(Data for the task):
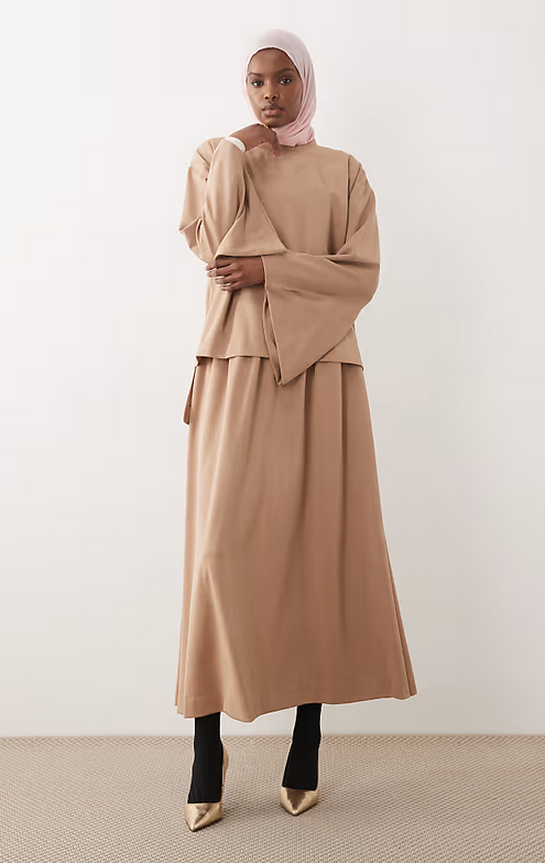 IYAL luxe wide sleeve top, abya and maxi skirt co-ord in camel £60
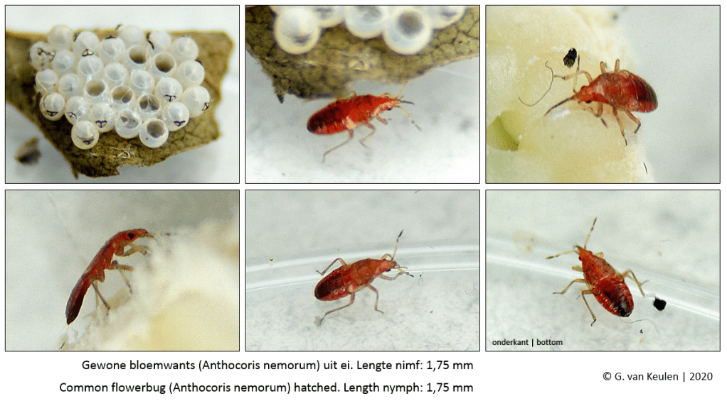 De bloemwants! Net uit het ei gekomen en met een lengte van 1.75 mm nog eentje die in de luiers zit. Het is geen schadelijke diertje, allerminst!
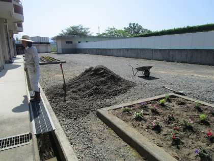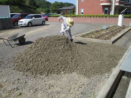 花壇の間が雨が降ると水たまりになることを伊達市教育委員会にお伝えしたところ、ダンプ1台分の砕石を届けてくださいました。松陽中の教育環境がさらに良くなります。ありがとうございます。地域の方々の応援に感謝しています。(庁務員さんが暑い中、ならしてくれました。)
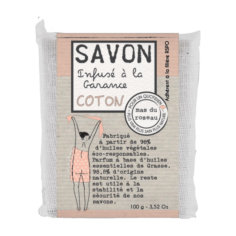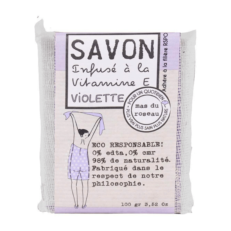 Savonnette fabriquée à partir de 98% d’huiles végétales pour le corps, visage et mains.
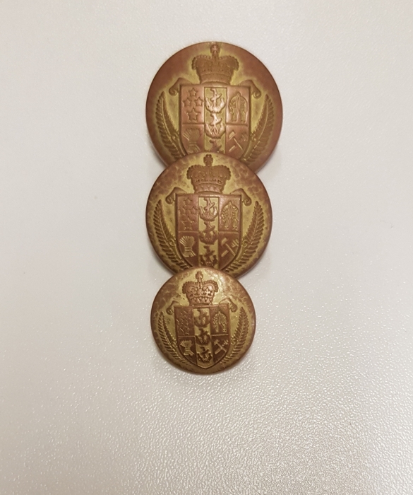 Ein ausgefallener Trachtenknopf in Kupfer- Gold mit Öse aus Metall mit Wappenmotiv in den Größen 18/22/25 mm.
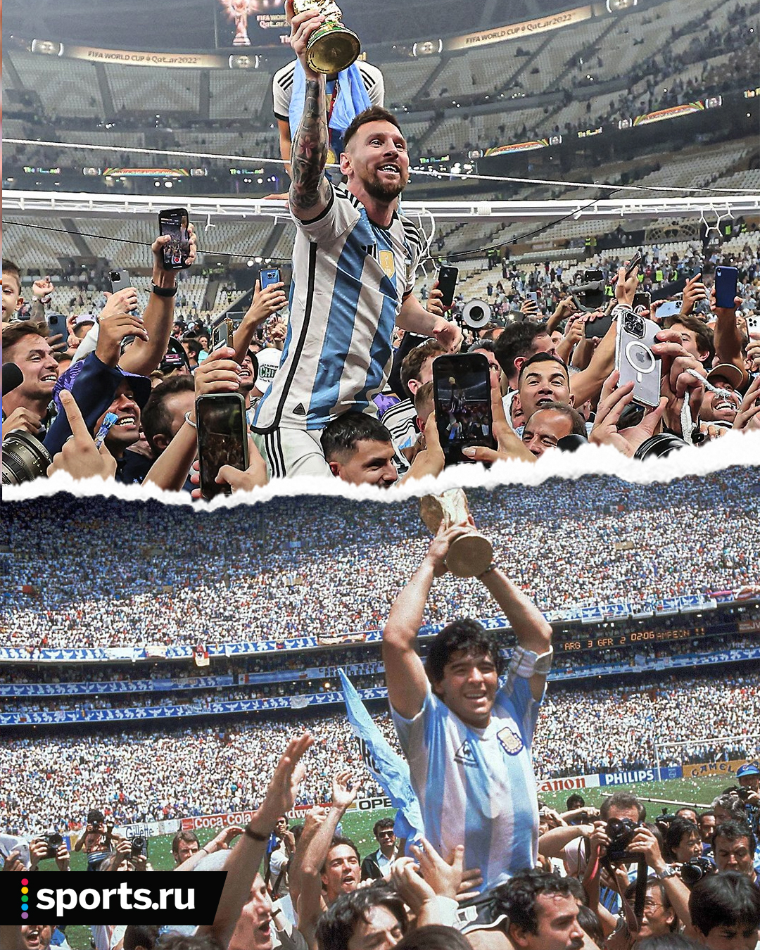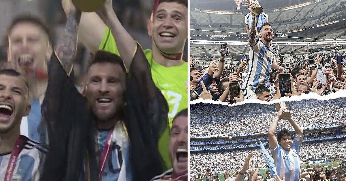 Это произошло благодаря тому, что Месси и остальные аргентинцы во время празднования буквально скопировали легендарный кадр после победы сборной на ЧМ-1986.
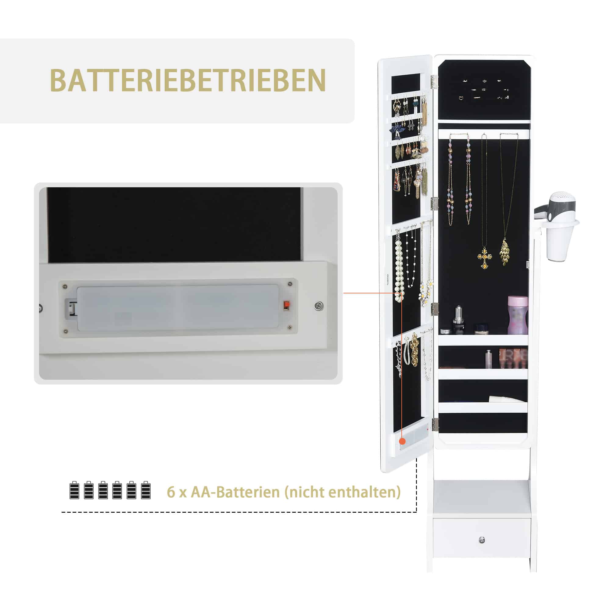 Ledlampen – Spiegelkast – Sieradenopslag – Wit
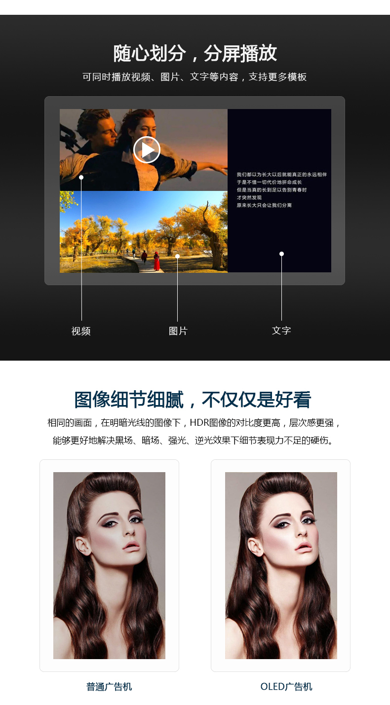 【深圳市美佳愛-液晶廣告機,觸摸一體機生產廠家電話400-997-9971】65寸超薄雙面吊掛OLED廣告機ISO9001_3C認證,主營多點紅外/電容式觸摸屏一體機,觸控查詢一體機,其他尺寸18.5寸21寸24寸27寸32寸40寸43寸46寸49寸55寸65寸75寸86寸98寸100寸多功能多媒體教學會議一體機,戶外立式/壁掛雙面廣告機,單機版/安卓網絡廣告機 豎屏樓宇電梯廣告機,長條型屏,工業級工控電腦觸摸顯示器,大尺寸觸摸屏查詢系統,商顯平板電腦電視,提供報價價格,安裝施工,售后維修等
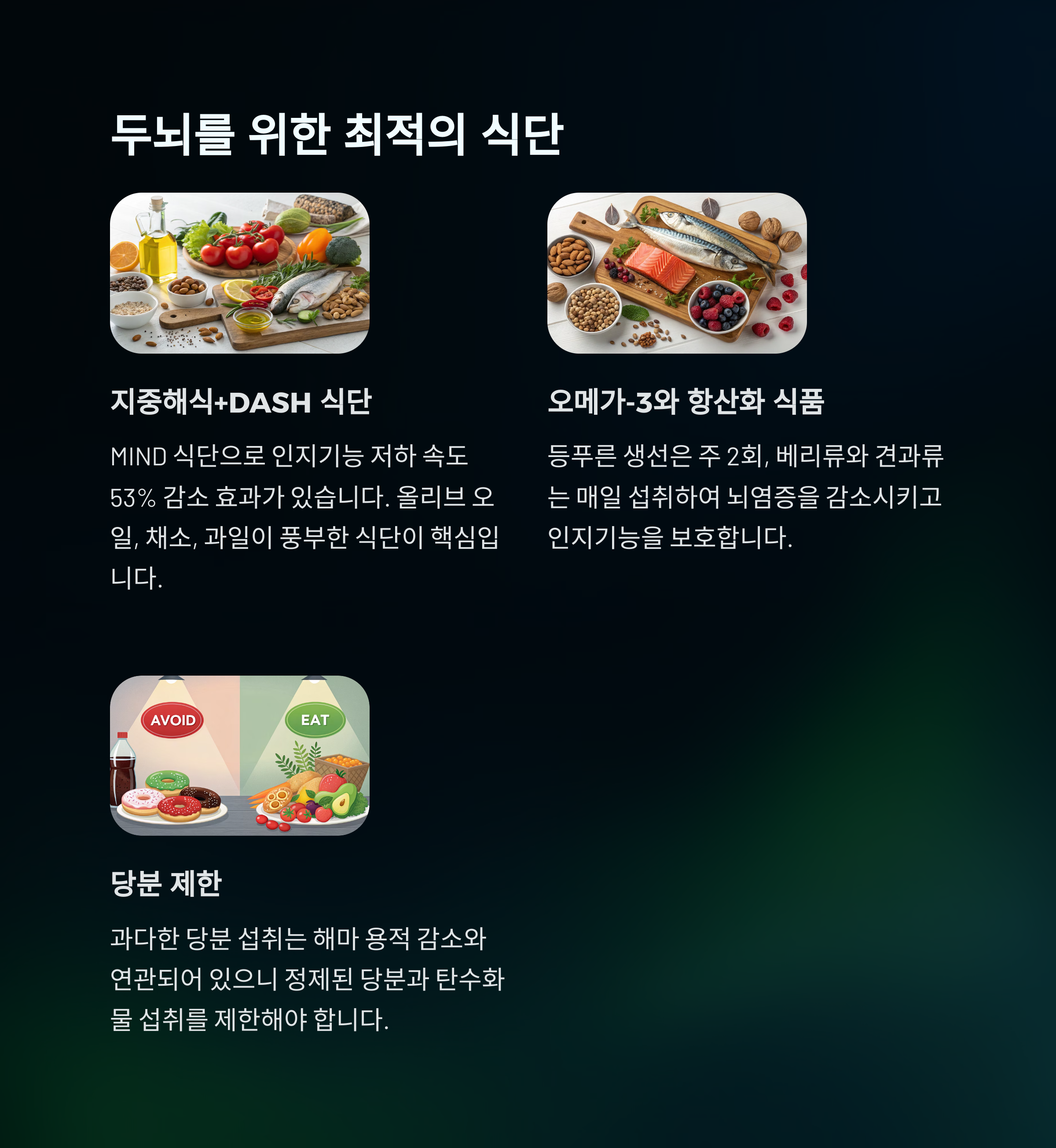 "먹는 것이 곧 뇌 건강"이라는 점을 명심하세요.

(Work to complete):
The answer should contain only the lines from the one with "Ledlampen – Spiegelkast" through the last line of the material, given word for word and without pictures.

(Task answer):
 Ledlampen – Spiegelkast – Sieradenopslag – Wit
 【深圳市美佳愛-液晶廣告機,觸摸一體機生產廠家電話400-997-9971】65寸超薄雙面吊掛OLED廣告機ISO9001_3C認證,主營多點紅外/電容式觸摸屏一體機,觸控查詢一體機,其他尺寸18.5寸21寸24寸27寸32寸40寸43寸46寸49寸55寸65寸75寸86寸98寸100寸多功能多媒體教學會議一體機,戶外立式/壁掛雙面廣告機,單機版/安卓網絡廣告機 豎屏樓宇電梯廣告機,長條型屏,工業級工控電腦觸摸顯示器,大尺寸觸摸屏查詢系統,商顯平板電腦電視,提供報價價格,安裝施工,售后維修等
 "먹는 것이 곧 뇌 건강"이라는 점을 명심하세요.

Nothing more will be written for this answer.